» What needs to be done
Print the listing below again, exactly. Skip the pictures.

» Task data
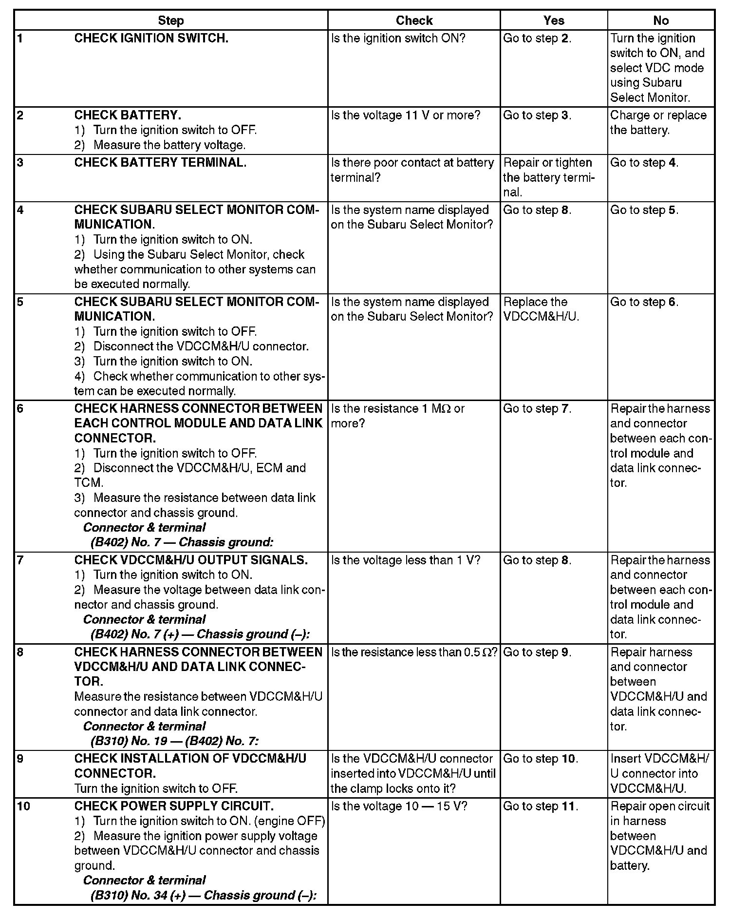 8) If VDC and Subaru Select Monitor cannot communicate, check the communication circuit.
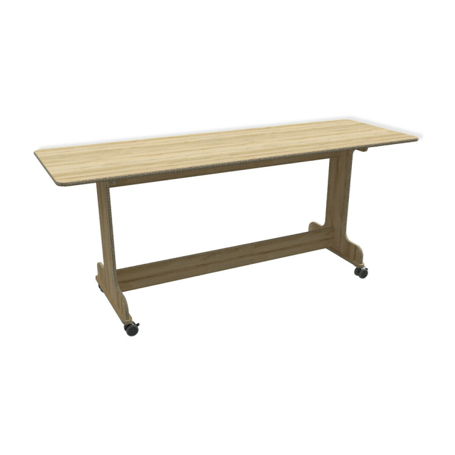 De Ergotafel is vervaardigd van berken multiplex dikte 16 mm, in de standaard uitvoering: eiken. De kopse kanten zijn blank gelakt.
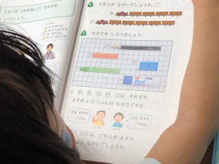 今日はマス目を使って長さを調べます!マスの何個分になるのかを子どもたちは見つけます!
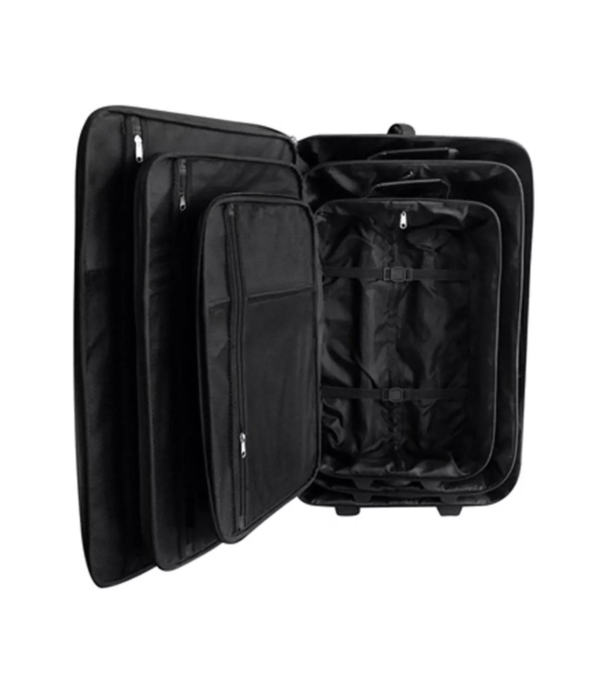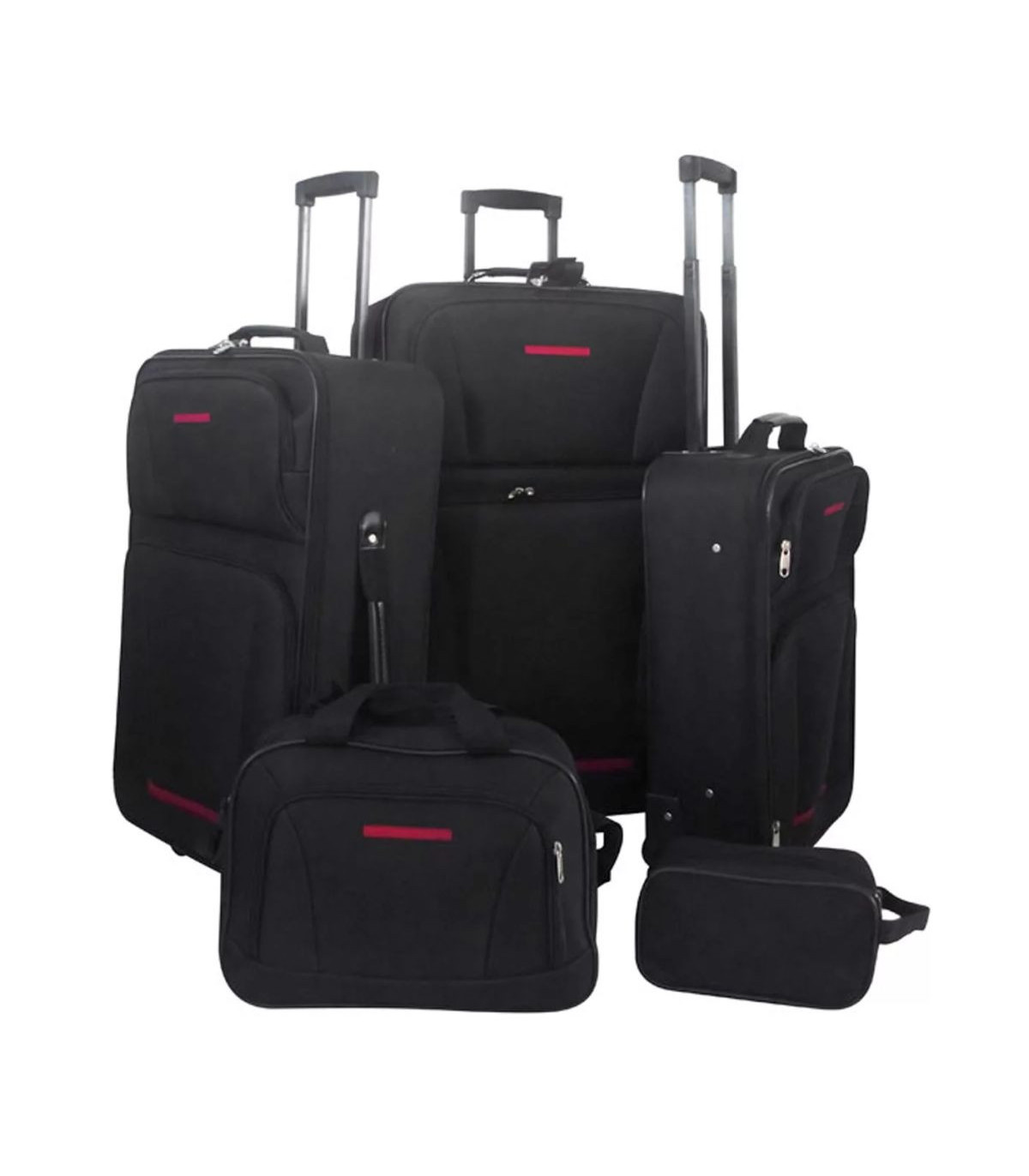 In this sustainable luggage set you can easily pack all your bagage. Because of the different size of the trolleys the set is suitable for small and big travels. The pull-out telescopic handles and the 2 wheels underneath the trolleys make this set practical when used. The trolleys are made of fabric (100% polyester) with PVC coating. The edges of thje trolleys are additionally lined so they are resilient. The luggage set is delivered including a handy travel bag and toiletry bag. When you store the trolleys it's possible to interlock them so you only have to find a storage place for the biggest trolley. In this way you can save a lot of extra space! This 5 part luggage set is available in red and black.
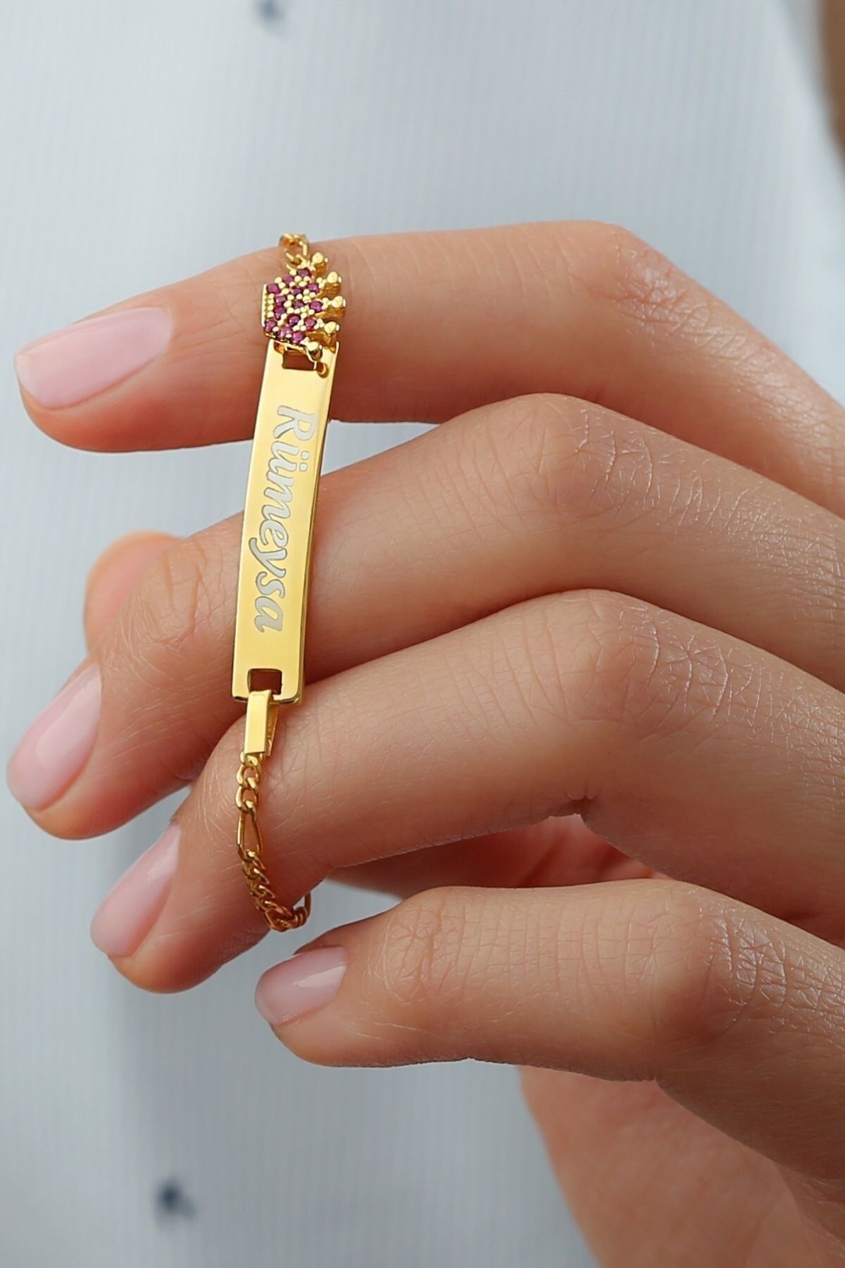 925 Ayar Gümüş Pembe Taçlı Isimli Çocuk Bileklik

» Solved exercise
 8) If VDC and Subaru Select Monitor cannot communicate, check the communication circuit.
 De Ergotafel is vervaardigd van berken multiplex dikte 16 mm, in de standaard uitvoering: eiken. De kopse kanten zijn blank gelakt.
 今日はマス目を使って長さを調べます!マスの何個分になるのかを子どもたちは見つけます!
 In this sustainable luggage set you can easily pack all your bagage. Because of the different size of the trolleys the set is suitable for small and big travels. The pull-out telescopic handles and the 2 wheels underneath the trolleys make this set practical when used. The trolleys are made of fabric (100% polyester) with PVC coating. The edges of thje trolleys are additionally lined so they are resilient. The luggage set is delivered including a handy travel bag and toiletry bag. When you store the trolleys it's possible to interlock them so you only have to find a storage place for the biggest trolley. In this way you can save a lot of extra space! This 5 part luggage set is available in red and black.
 925 Ayar Gümüş Pembe Taçlı Isimli Çocuk Bileklik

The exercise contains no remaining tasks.